The same night that I met Jose Luis I had a run-in with the police. It was about 9pm at night and I was walking with Canadian Dan when a squad pulled up next to us with its lights on. Two police officers wearing masks approached us and told us that they needed to search us for drugs and weapons. I immediately I have been stopped, approached and shaken down by police in many countries including the US and I learned a long time ago, that in most instances, arguing and getting publicly indignant will get you nowhere. So, I handed one of the officers my backpack, calmly walked over and placed my hands against the squad car and spread my legs in the “frisk me” position. I had nothing illegal on me and I knew putting up a “I’m an American and I have rights” fight was going to get me nowhere. Of course, they found nothing, returned my backpack and thanked me for my cooperation.

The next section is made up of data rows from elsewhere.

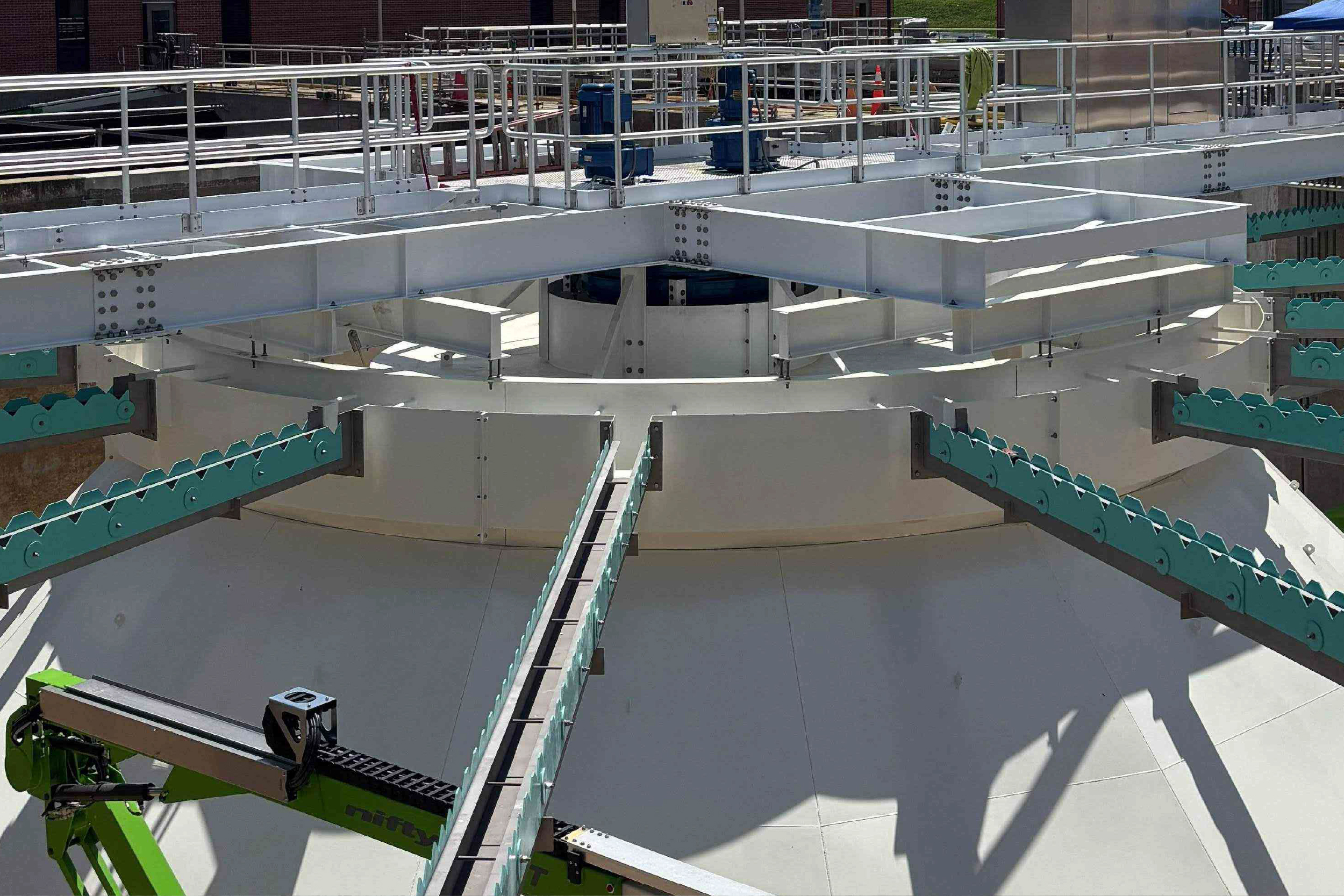 Once the drive assembly was completed, crews worked to install the bridge that spans Primary Basin 3. The team built the bridge and then moved it as a single piece over the basin. Precision was important. The bridge had to fit over the drive assembly and onto the brackets attached to the basin walls. A fraction of an inch out of place meant the bridge wouldn't fit.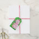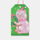 Enkel att anpassa Juletiketter för att skapa ett anpassningsbar-meddelande. Vintage illustrerar julens helgdag med en söt rosa katt med en julhatt och en rosa i hatt med klockor. Det förtjusande kattdjuret i håriget håller en julkrans och har ett rött band hängande från sitt svan. Startar gnistra på gröntens bakgrund.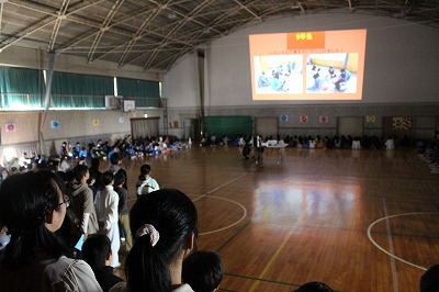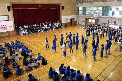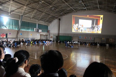 最初は6年生に向けて、各学年の感謝の発表が行われました。そして、そのあとは、思い出ムービー。自分たちの小さなころの写真が出てきて、6年生の子からは感嘆の声が聞かれました。最後は、この会を行ってくれた6年生からの感謝の発表、そして全学年みんなで校歌を歌いました。花道を出ていく6年生からは、「ありがとう」という声がたくさん聞かれました。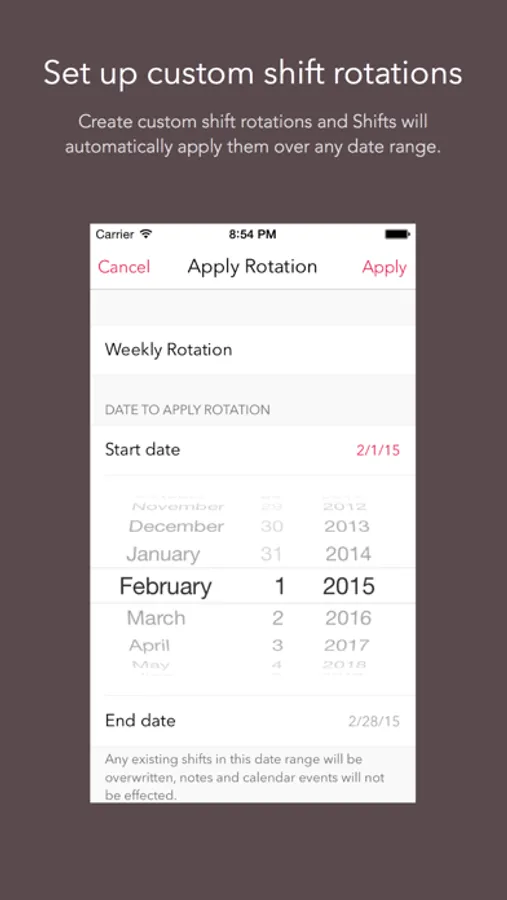 Set up shift rotations and Shifts will automatically apply your shifts over any date range you choose – great for repeating schedules (e.g. a 3-week schedule that repeats for 4 months).
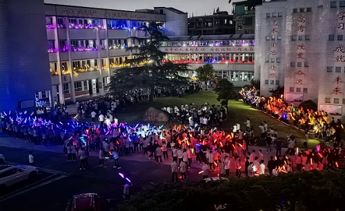 随着红日西沉,高一、高二的学生有序在教学区排好队伍,他们手持荧光棒,站在教学楼的各个楼层和中心花园四周,脸上洋溢着笑容,静静等待着活动的开始。“夜空中最亮的星,能否记起……”随着高一学生的一首快闪,教学楼灯光熄灭,高三的学生鱼贯而出,缓缓走到人群的中间。迎接他们的,是一千支荧光棒汇聚成的夜空中最亮的星,和学弟学妹们最暖心的祝福。
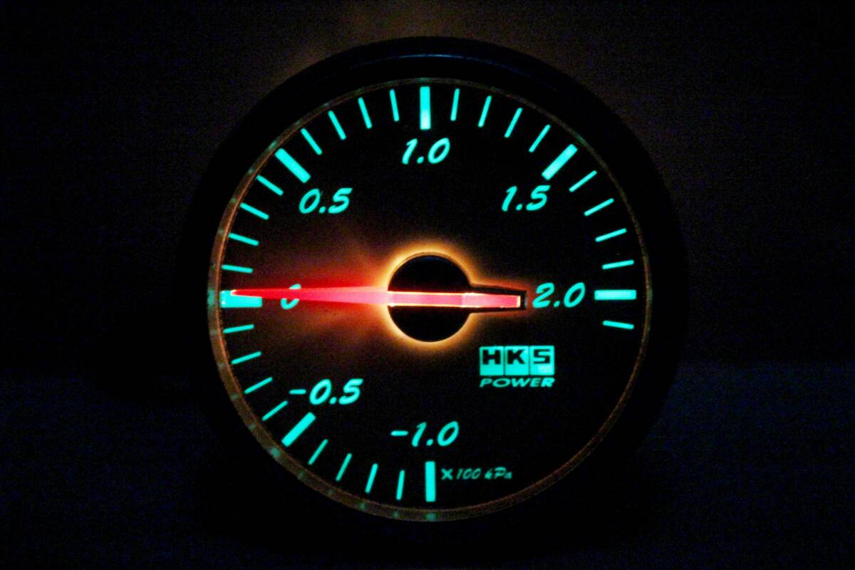 - [希少/絶版/当時物/動作OK!!/送料600円~] HKS 60φ 機械式 ブースト計 TURBO METER 機械式 ホワイト パネル シンプル ターボ メーター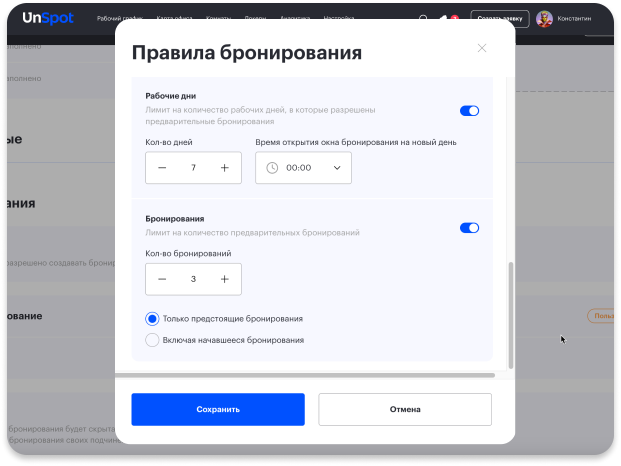 Вы задаете правила: на сколько дней вперёд можно ставить брони, сколько активных бронирований может иметь один сотрудник.

Canadian Dan, on the other hand, didn’t accept this profiling/unconstitutional search without a fight. In his best Spanish he told the police that what was happening was ridiculous and that they had no right. He continued his indignant rant as one of the officers put him up against the car and searched his pockets. Dan was of course right, what they were doing was completely unconstitutional, but we weren’t playing by the US or Canadian constitution: we were in Mexico. Dan’s display of defiance was so grandiose that as he continued to get searched by the one officer’s, his partner pulled me aside and discretely asked, “How much is it worth to you to keep your friend out of jail?”. My reaction, without thinking, was to laugh and say, “What? Are you serious?”. This is when I realized he was looking for a bribe. My laughter made him look embarrassed. Of course, they found nothing on Canadian Dan and, out of boredom, finally let us both go.


Go easy on the police:
Systemic corruption is endemic and police forces are often poorly trained and underpaid. The average wage of a police officer is $350 per month which means that many police officers supplement their salaries with bribes. The Mexican government struggles to provide police with sufficient pay so that they resist threats and don’t cohort with the drug cartels. Sometimes working with cartels is more lucrative and safer than resisting their threats and fighting against them. Police officers’ salaries also vary drastically based on experience, skills, gender or location. Some police in Mexico earn as little as $10 US dollars per day. I am NOT condoning their behavior, but for some reason -even though I have been targeted many times by Mexican police and squeezed for bribes-I can’t help but feel compassion for them and their families. If you were under-paid and under-appreciated and were constantly having to deal with entitled white-skinned drunken tourists who spend more money on a cocktail by the pool then you earn in a day, perhaps you’d become more opportunistic as well. I just might do the same thing if I were in their situation.